MATERIALS PROVIDED:
******************************

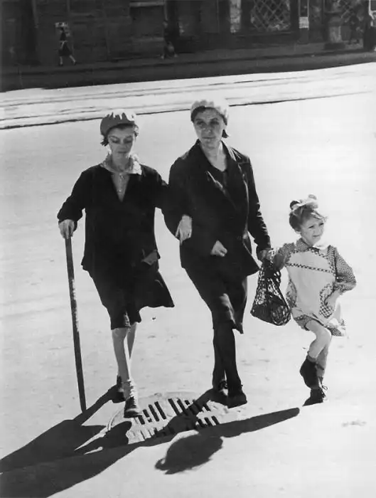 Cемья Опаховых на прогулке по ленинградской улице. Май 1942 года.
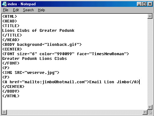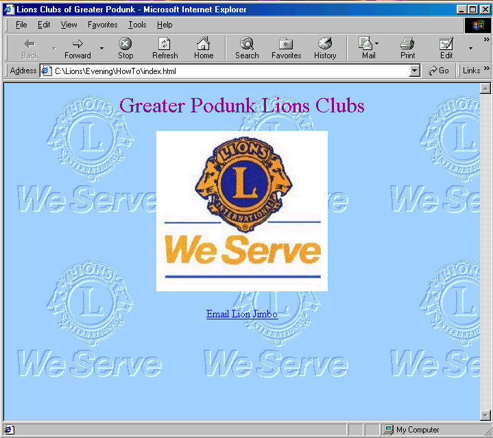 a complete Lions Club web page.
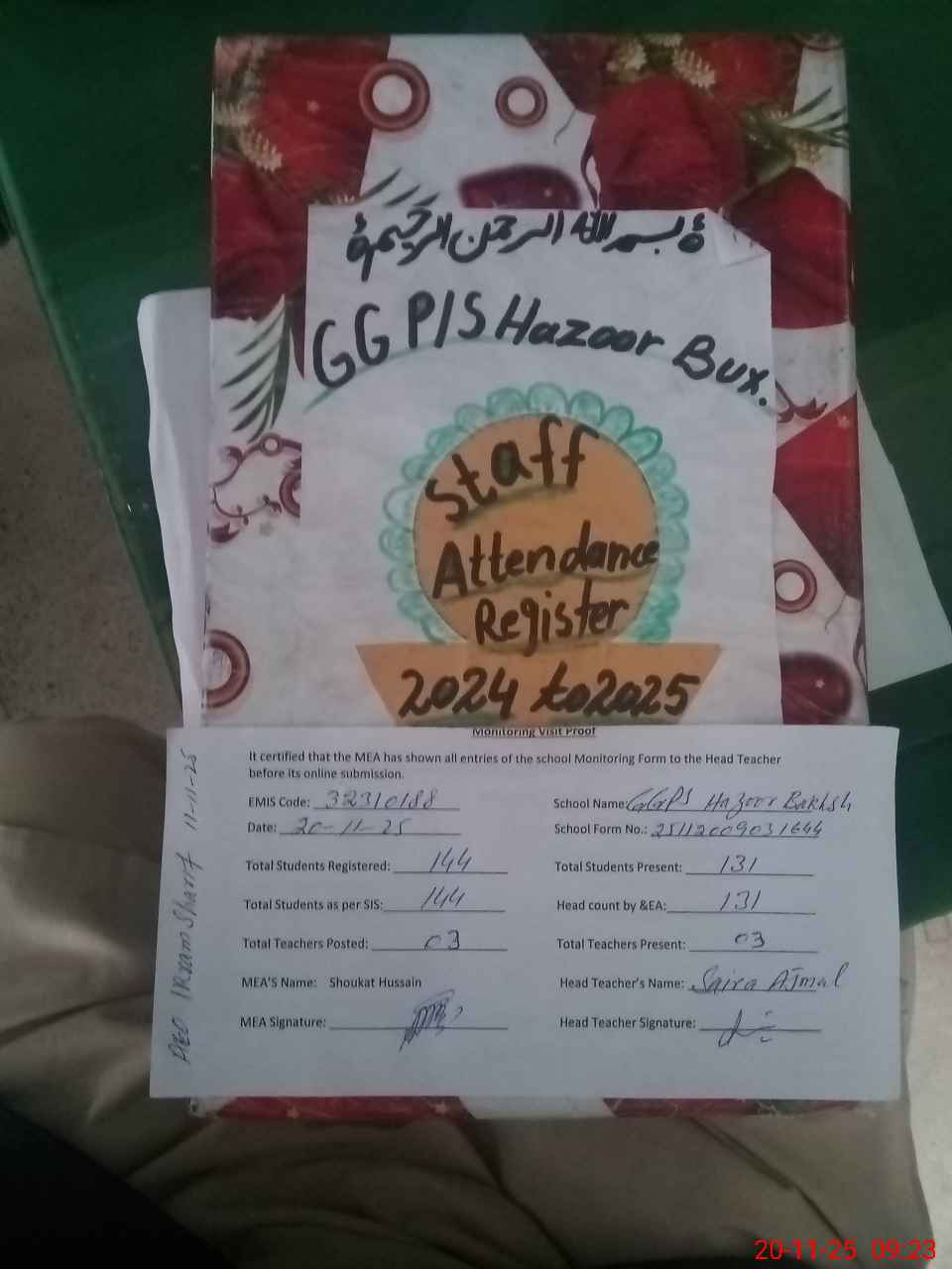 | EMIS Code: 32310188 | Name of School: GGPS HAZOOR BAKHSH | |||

******************************

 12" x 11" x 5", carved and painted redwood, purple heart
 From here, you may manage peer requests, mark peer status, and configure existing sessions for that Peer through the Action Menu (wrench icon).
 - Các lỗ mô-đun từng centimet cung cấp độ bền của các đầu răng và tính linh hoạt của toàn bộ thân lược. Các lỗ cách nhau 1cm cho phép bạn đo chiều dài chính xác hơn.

******************************

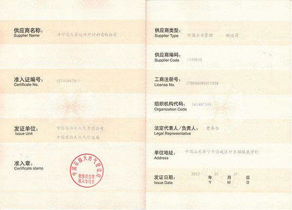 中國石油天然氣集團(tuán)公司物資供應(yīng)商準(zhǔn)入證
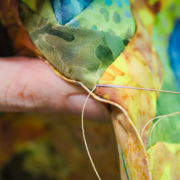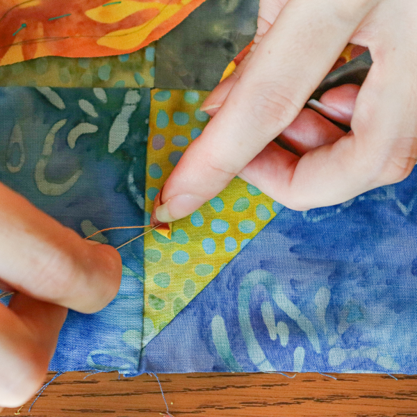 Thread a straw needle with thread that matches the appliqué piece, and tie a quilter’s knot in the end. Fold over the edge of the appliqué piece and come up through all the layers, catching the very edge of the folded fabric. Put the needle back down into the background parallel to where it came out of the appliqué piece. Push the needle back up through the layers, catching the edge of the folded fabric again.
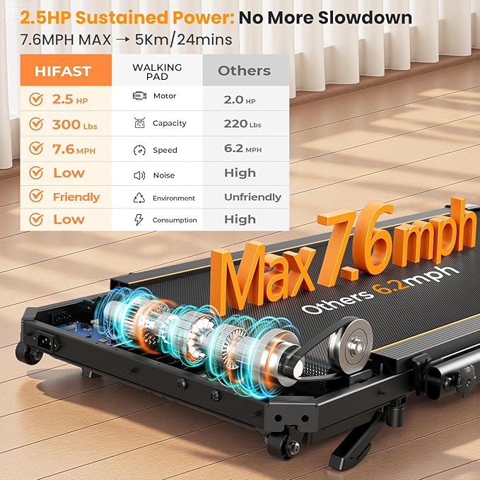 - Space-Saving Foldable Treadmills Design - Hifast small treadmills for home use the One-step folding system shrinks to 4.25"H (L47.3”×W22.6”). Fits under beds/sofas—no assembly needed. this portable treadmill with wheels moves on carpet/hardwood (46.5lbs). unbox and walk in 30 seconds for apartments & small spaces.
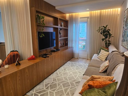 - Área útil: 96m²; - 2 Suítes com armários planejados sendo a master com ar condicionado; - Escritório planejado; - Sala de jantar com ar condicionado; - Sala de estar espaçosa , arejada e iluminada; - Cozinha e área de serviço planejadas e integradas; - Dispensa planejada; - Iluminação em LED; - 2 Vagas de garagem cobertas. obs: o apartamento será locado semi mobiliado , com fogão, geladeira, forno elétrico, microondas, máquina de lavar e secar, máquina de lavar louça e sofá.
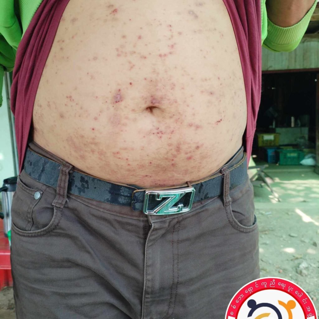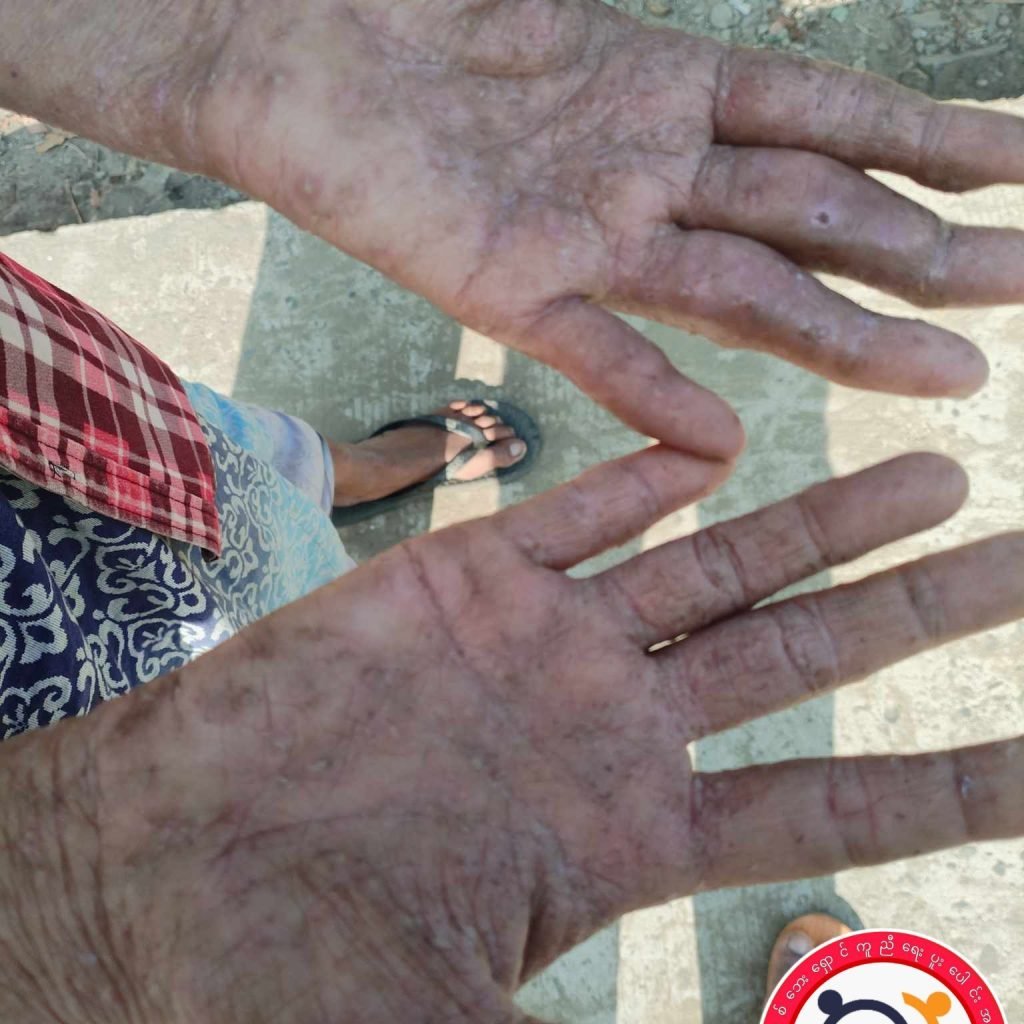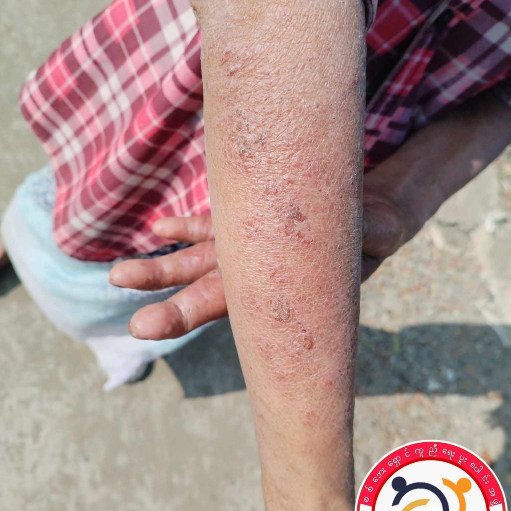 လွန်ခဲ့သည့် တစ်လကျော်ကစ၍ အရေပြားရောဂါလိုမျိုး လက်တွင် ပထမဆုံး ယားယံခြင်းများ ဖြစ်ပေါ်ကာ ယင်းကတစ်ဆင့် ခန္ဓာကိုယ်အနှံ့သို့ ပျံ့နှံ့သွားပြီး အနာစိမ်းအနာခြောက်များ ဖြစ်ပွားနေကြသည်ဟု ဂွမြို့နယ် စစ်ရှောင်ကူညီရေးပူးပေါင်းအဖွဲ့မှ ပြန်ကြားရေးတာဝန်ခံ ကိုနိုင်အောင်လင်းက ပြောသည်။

******************************

ACTIVITY: Write down, word for word, the lines above from the one containing "redwood, purple heart" through the one containing "- Các lỗ mô-đun", both ends included.

RESULT OF THE TASK:
 12" x 11" x 5", carved and painted redwood, purple heart
 From here, you may manage peer requests, mark peer status, and configure existing sessions for that Peer through the Action Menu (wrench icon).
 - Các lỗ mô-đun từng centimet cung cấp độ bền của các đầu răng và tính linh hoạt của toàn bộ thân lược. Các lỗ cách nhau 1cm cho phép bạn đo chiều dài chính xác hơn.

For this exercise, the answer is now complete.